-- The records follows --

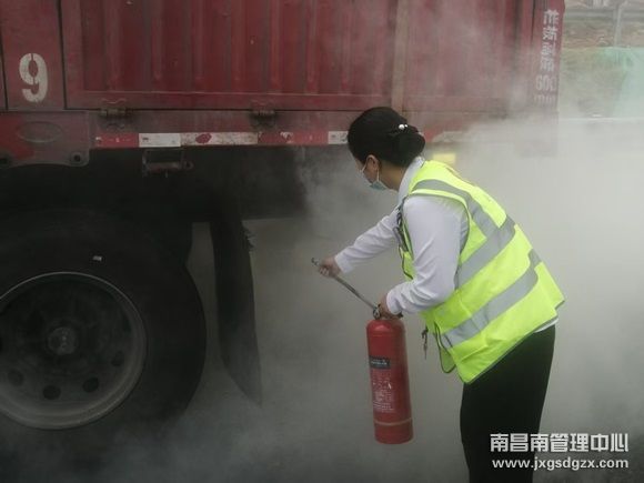 发现险情后,鹰潭西收费站立即启动应急预案。工作人员高效协同作战,收费班长紧急引导车辆停至收费广场空旷区域内;一组人快速疏散后方车辆,设置警戒区域;另一组人拿起车道旁的手提式干粉灭火器奔向货车,对准火焰根部持续喷射。眼见火势未完全压制,迅速调用推车式干粉灭火器,在众人配合默契,仅用10分钟便将明火彻底扑灭。
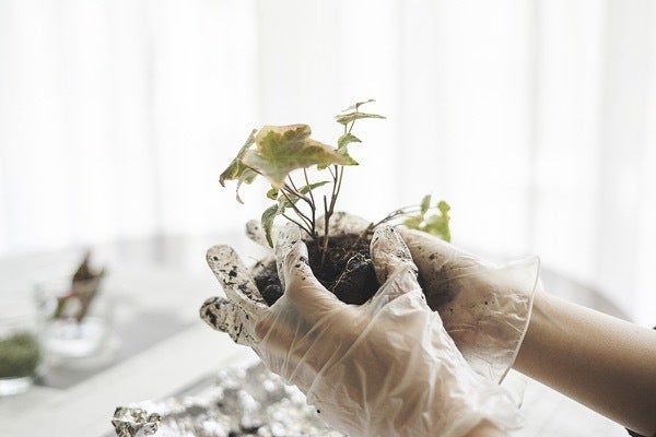 観葉植物のアイビーの根っこを土でくるみ、丸く握ります。
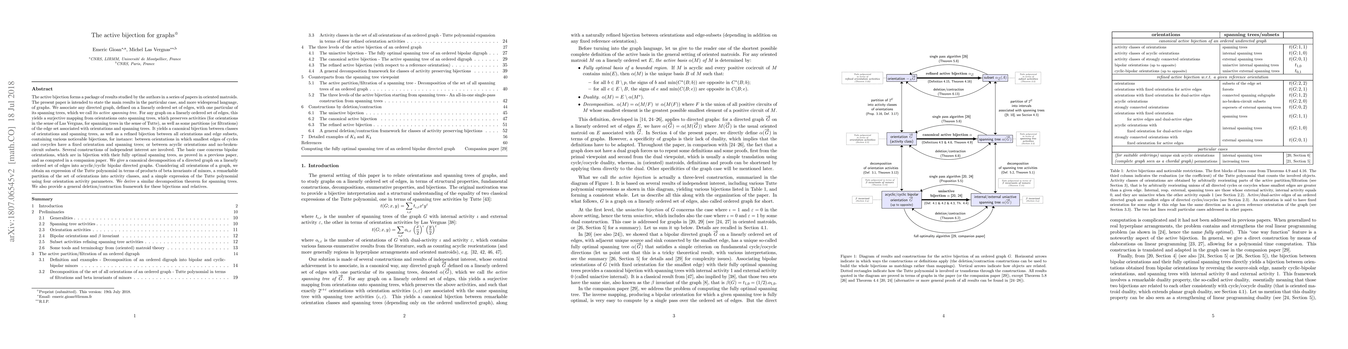 The active bijection forms a package of results studied by the authors in a series of papers in oriented matroids. The present paper is intended to state the main results in the particular case, and more widespread language, of graphs. We associate any directed graph, defined on a linearly ordered set of edges, with one particular of its spanning trees, which we call its active spanning tree. For any graph on a linearly ordered set of edges, this yields a surjective mapping from orientations onto spanning trees, which preserves activities (for orientations in the sense of Las Vergnas, for spanning trees in the sense of Tutte), as well as some partitions (or filtrations) of the edge set associated with orientations and spanning trees. It yields a canonical bijection between classes of orientations and spanning trees, as well as a refined bijection between all orientations and edge subsets, containing various noticeable bijections [...]. Several constructions of independent interest are involved. The basic case concerns bipolar orientations, which are in bijection with their fully optimal spanning trees, as proved in a previous paper, and as computed in a companion paper. We give a canonical decomposition of a directed graph on a linearly ordered set of edges into acyclic/cyclic bipolar directed graphs. Considering all orientations of a graph, we obtain an expression of the Tutte polynomial in terms of products of beta invariants of minors, a remarkable partition of the set of orientations into activity classes, and a simple expression of the Tutte polynomial using four orientation activity parameters. We derive a similar decomposition theorem for spanning trees. We also provide a general deletion/contraction framework for these bijections and relatives.
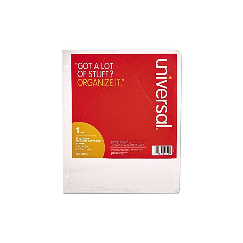 - Universal Deluxe Write-On/Erasable Tab Index UNV20815 5/pk
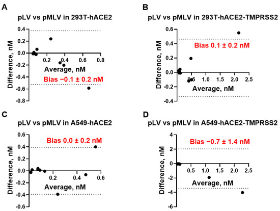 Figure 4. Bland–Altman plots showing equivalency of neutralization assays using pLV vs. pMLV particles and performed in 293T-hACE2 (A), 293T-hACE2-TMPRSS2 (B), A549-hACE2 (C), and A549-hACE2-TMPRSS2 cells (D). Bias [nM] between each pair of neutralization assays is indicated. Dashed lines represent 95% confidence interval (CI) for bias.

-- The records concluded --

- _Exercise prompt_
With the pictures removed, copy the data above word for word.

- _Task output_
 发现险情后,鹰潭西收费站立即启动应急预案。工作人员高效协同作战,收费班长紧急引导车辆停至收费广场空旷区域内;一组人快速疏散后方车辆,设置警戒区域;另一组人拿起车道旁的手提式干粉灭火器奔向货车,对准火焰根部持续喷射。眼见火势未完全压制,迅速调用推车式干粉灭火器,在众人配合默契,仅用10分钟便将明火彻底扑灭。
 観葉植物のアイビーの根っこを土でくるみ、丸く握ります。
 The active bijection forms a package of results studied by the authors in a series of papers in oriented matroids. The present paper is intended to state the main results in the particular case, and more widespread language, of graphs. We associate any directed graph, defined on a linearly ordered set of edges, with one particular of its spanning trees, which we call its active spanning tree. For any graph on a linearly ordered set of edges, this yields a surjective mapping from orientations onto spanning trees, which preserves activities (for orientations in the sense of Las Vergnas, for spanning trees in the sense of Tutte), as well as some partitions (or filtrations) of the edge set associated with orientations and spanning trees. It yields a canonical bijection between classes of orientations and spanning trees, as well as a refined bijection between all orientations and edge subsets, containing various noticeable bijections [...]. Several constructions of independent interest are involved. The basic case concerns bipolar orientations, which are in bijection with their fully optimal spanning trees, as proved in a previous paper, and as computed in a companion paper. We give a canonical decomposition of a directed graph on a linearly ordered set of edges into acyclic/cyclic bipolar directed graphs. Considering all orientations of a graph, we obtain an expression of the Tutte polynomial in terms of products of beta invariants of minors, a remarkable partition of the set of orientations into activity classes, and a simple expression of the Tutte polynomial using four orientation activity parameters. We derive a similar decomposition theorem for spanning trees. We also provide a general deletion/contraction framework for these bijections and relatives.
 - Universal Deluxe Write-On/Erasable Tab Index UNV20815 5/pk
 Figure 4. Bland–Altman plots showing equivalency of neutralization assays using pLV vs. pMLV particles and performed in 293T-hACE2 (A), 293T-hACE2-TMPRSS2 (B), A549-hACE2 (C), and A549-hACE2-TMPRSS2 cells (D). Bias [nM] between each pair of neutralization assays is indicated. Dashed lines represent 95% confidence interval (CI) for bias.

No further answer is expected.